The copyright context is also relevant for a team working on pre-training data: Anthropic reached a $1.5 billion settlement in the Bartz v. Anthropic class action in August 2025, after a court found it liable for downloading approximately seven million books from pirate sites for use in training data. The settlement covers past conduct only and does not create a forward-looking data-licensing framework.
The Binding Constraint in Frontier AI Is Not Compute
The frontier race between Anthropic, OpenAI, and Google is reported most heavily through the lens of funding rounds and GPU counts. The more binding constraint — the one that the Karpathy hire directly addresses — is the handful of people who can take a theoretical understanding of large-scale training and actually make it faster, cheaper, or more capable at the trillion-token scale.

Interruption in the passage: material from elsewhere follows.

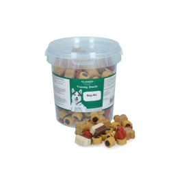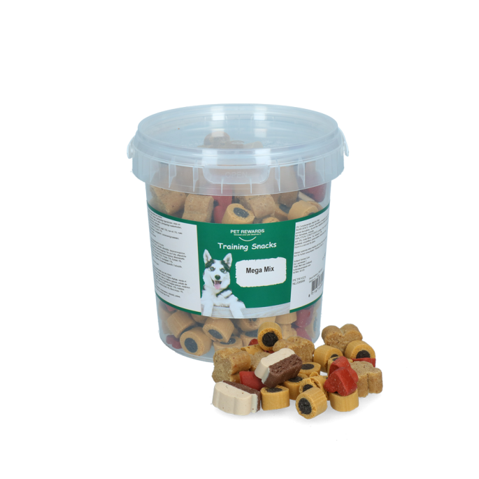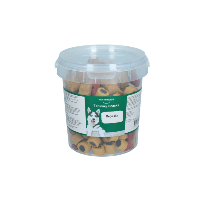 Een feest voor iedere hond, deze mooi mix van trainer-snacks gemaakt van vlees, een semi-moist soft beloning. Dit houdt in dat deze snacks nog licht vochtig zijn en daardoor extreem krachtig zijn in smaak en geur. Daarom zijn dit ook de ideale snacks voor hondentrainers en baasjes om hun honden en pups te belonen bij goed gedrag tijdens een training of cursus. Deze trainer-snack bevat geen toegevoegde suikers en het mooiste van alles is dat deze snoepjes van Pet Rewards gemaakt zijn in Nederland! Verpakt in een handige hersluitbare emmer.
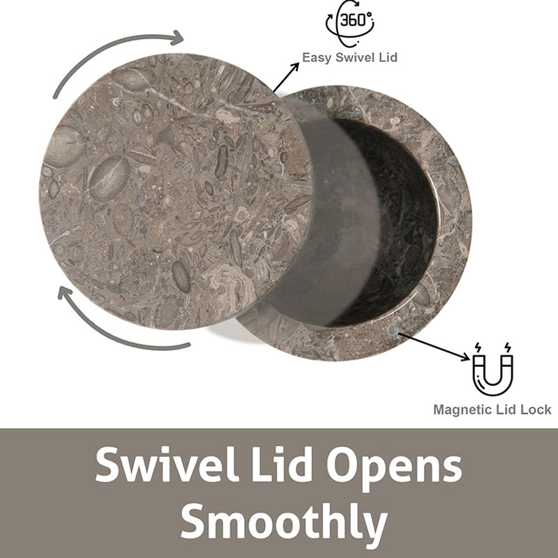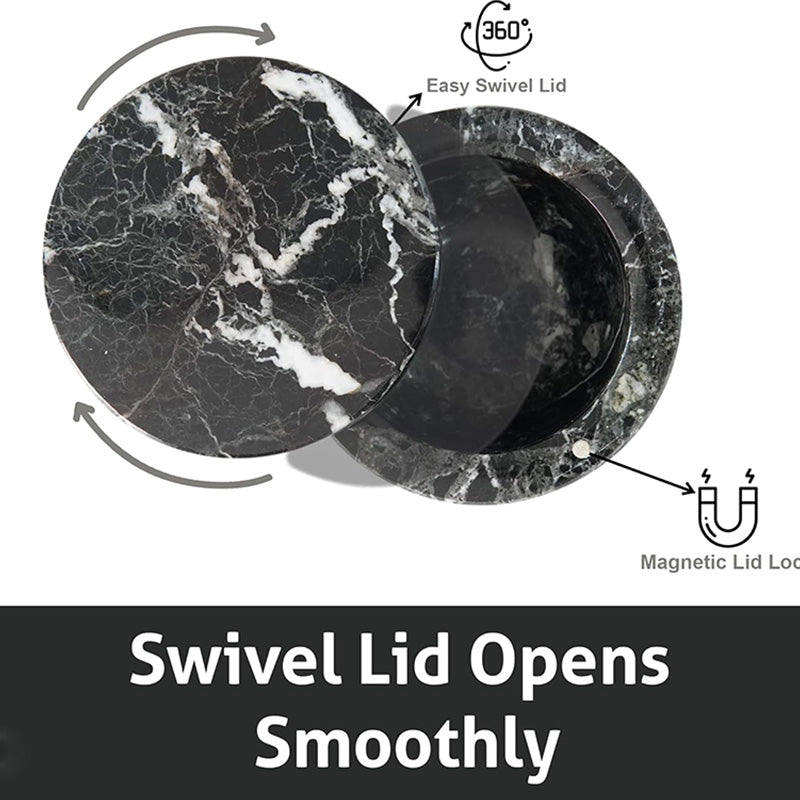 The smart magnetic swivel lid allows smooth one-hand access while protecting contents from moisture and dust. Its modern black marble finish with natural white veining makes it a perfect addition to contemporary, farmhouse, or luxury kitchens.

Karpathy is one of a very small number of researchers who can bridge that gap. Anthropic's decision to hire him specifically to build a team whose purpose is to use Claude to accelerate Claude's own pre-training reflects a judgment that the lab has reached a point where its own model can substitute for significant fractions of researcher time in the most compute-intensive and intellectually demanding phase of model development. If that bet is correct, the lab that executes it best will compound its lead in each successive training run, because each generation of models will have been built with the help of a more capable predecessor. If it is wrong — or if it runs into the same metric-gaming traps that Karpathy's own autoresearch work has documented at small scale — the cost is researcher time and training compute, not a visible product failure.
The most informative thing about this hire is not the name. It is that the researcher most famous for refusing to overstate what current AI can do decided, based on his own experimental results, that the specific task of using AI to build better AI has crossed a threshold worth betting a career on.